For B2B SaaS, allow Google-Extended. The IP-protection upside is small (Google has access to your content via Googlebot regardless), and the citation downside in Gemini and AI Overviews is real.
What about Applebot vs Applebot-Extended?
Applebot is Apple's primary crawler, used to power Siri, Spotlight, and Apple Intelligence retrieval. Applebot-Extended is an opt-out token that controls whether your content can be used to train Apple's foundation models. According to Apple's official documentation, Applebot-Extended makes no HTTP requests of its own, it is a directive applied to the data Applebot already collected.
Key behavior:
- Disallow
Applebot-- removes you from Siri, Spotlight, and Apple Intelligence retrieval. - Disallow
Applebot-Extended-- keeps you in retrieval but opts your content out of foundation-model training. - Allow both -- you appear in Apple Intelligence and contribute to model training.
Apple Intelligence is now embedded across iOS, macOS, and Safari's search bar, with default routing to Apple's models for on-device queries before falling back to ChatGPT. For B2B SaaS targeting iPad/Mac power users, allowing Applebot is non-negotiable.

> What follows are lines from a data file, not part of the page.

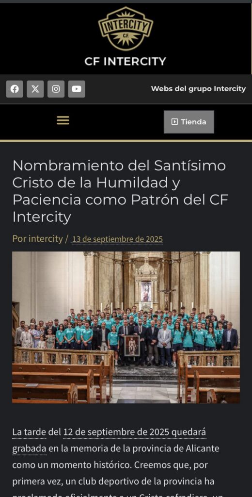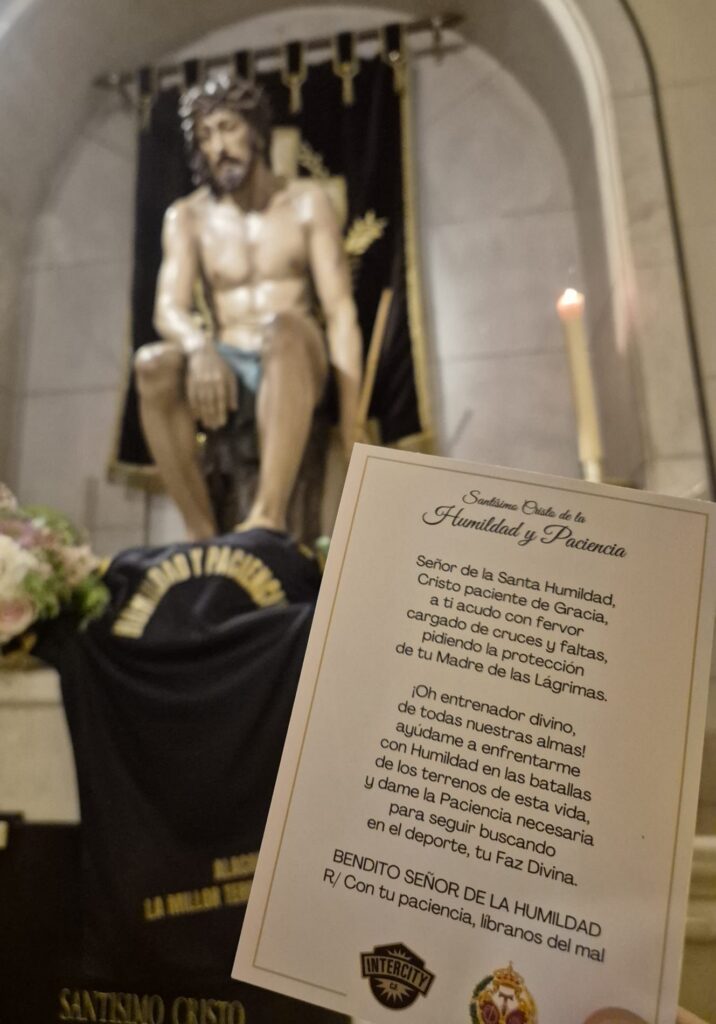 La Parroquia de Nuestra Señora de Gracia acogió el acto mediante el cual el Santísimo Cristo de la Humildad y Paciencia fue proclamado Patrón del CF Intercity, en una ceremonia que unió simbólicamente fe, deporte y comunidad. El evento reunió a representantes institucionales del club, miembros de la Hermandad y numerosos jugadores, en un ambiente de recogimiento y significado espiritual.
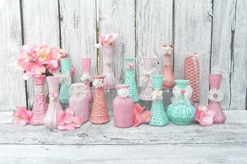 I have seen these little bottle vignettes done all in white with cast off glasses and love it more than this color one, but I do think this is lovely. I plan on doing a white one or all pink with some of my vases and cast off glasses soon. I think it's just lovely. I think having them all the white color would pull them together more.
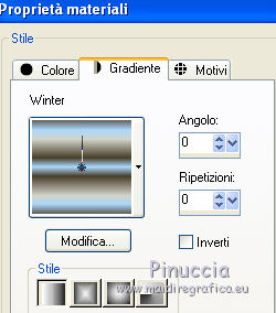 1. Passa il colore di primo piano a Gradiente, e seleziona il gradiente "winter" con i seguenti settaggi.
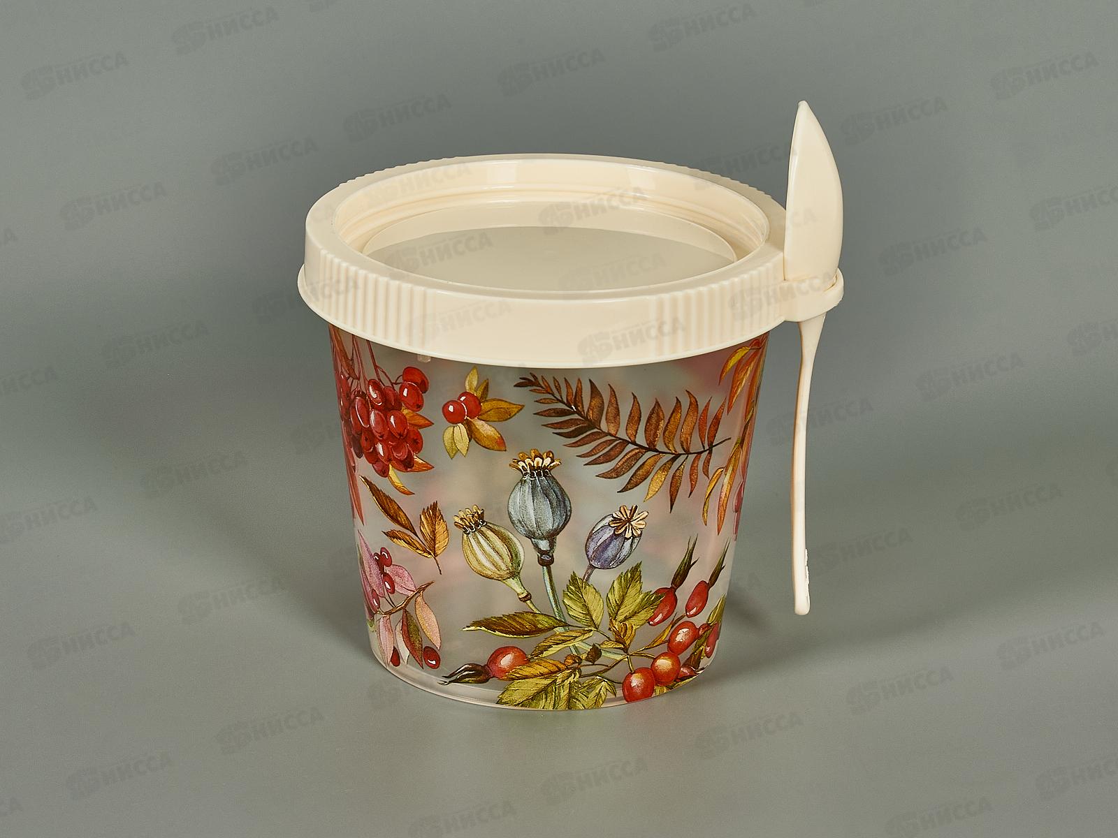 Код:562888; Контейнер д/завтрака 450мл с ложкой с декором Св-беж 222142025/01 *12
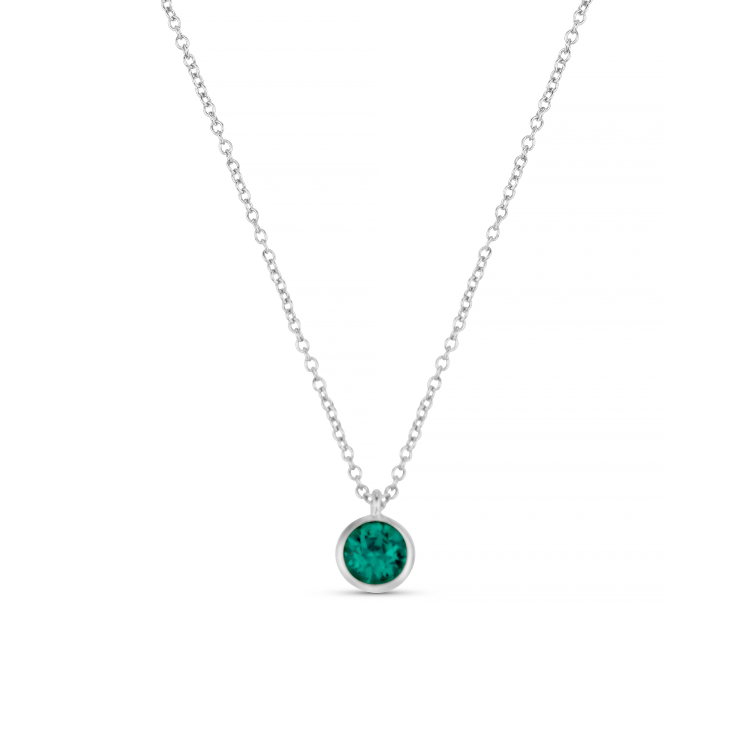 Featuring a beautiful green emerald Swarovski® crystal on the end of our signature short ditsy silver chain necklace.
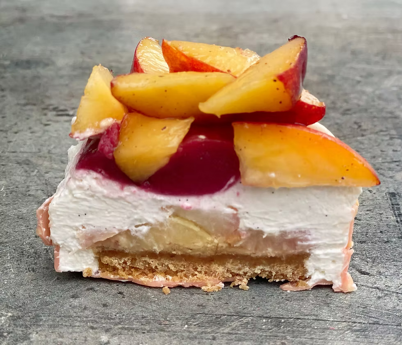Mixer la première partie des ingrédients, ajouter les blancs montés avec la vergeoise en 3 fois et ajouter la dernière partie avec le troisième tiers des blancs. Déposer des morceaux de pêche sur tout le biscuit, couler en cadre et cuire environ 15 minute à 160°. Déposer les sablé reconstitués, congeler sur le biscuit 24h.
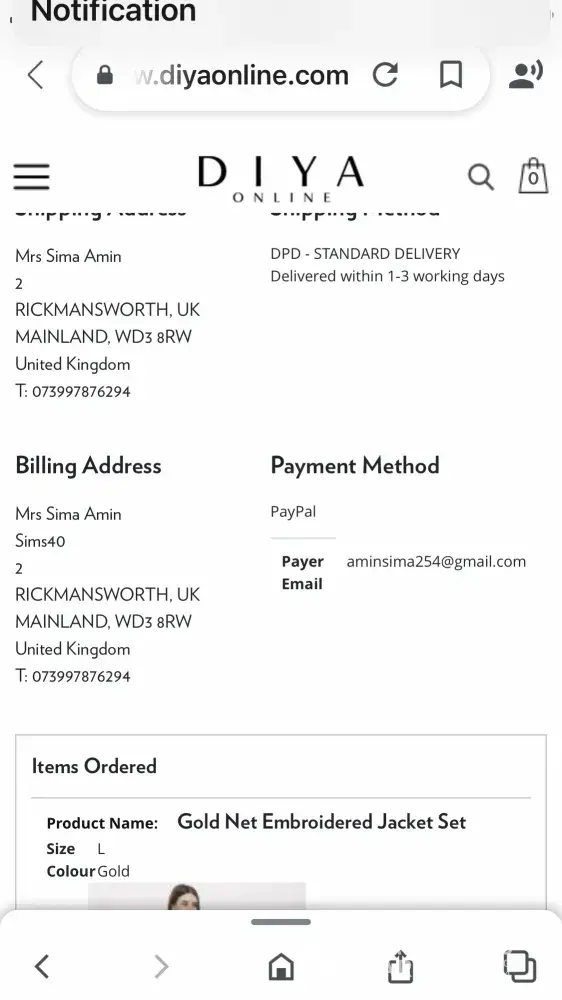 To this day (25/08/2021) I have still not received any message from Diya confirming they received this. I have not received a refund.
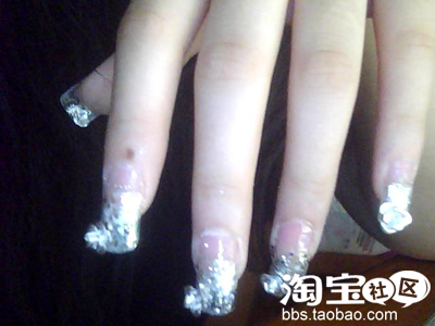 下面呢,又得用到胶水咯。,这次是粘银色小花的。因为小花比较大,用指甲油的话,粘不住哦

Applebot-Extended is a values call.
Which 14 AI crawlers actually matter in 2026?
Beyond OpenAI, Anthropic, Perplexity, Google, and Apple, four more crawlers should be on every B2B SaaS robots.txt: Bingbot (powers Bing Search and Microsoft Copilot grounding), GoogleOther (Google's generic R&D fetcher, same infrastructure as Googlebot), Meta-ExternalAgent (powers Meta AI grounding inside WhatsApp/Instagram), and Amazonbot (Alexa+ and Rufus retrieval).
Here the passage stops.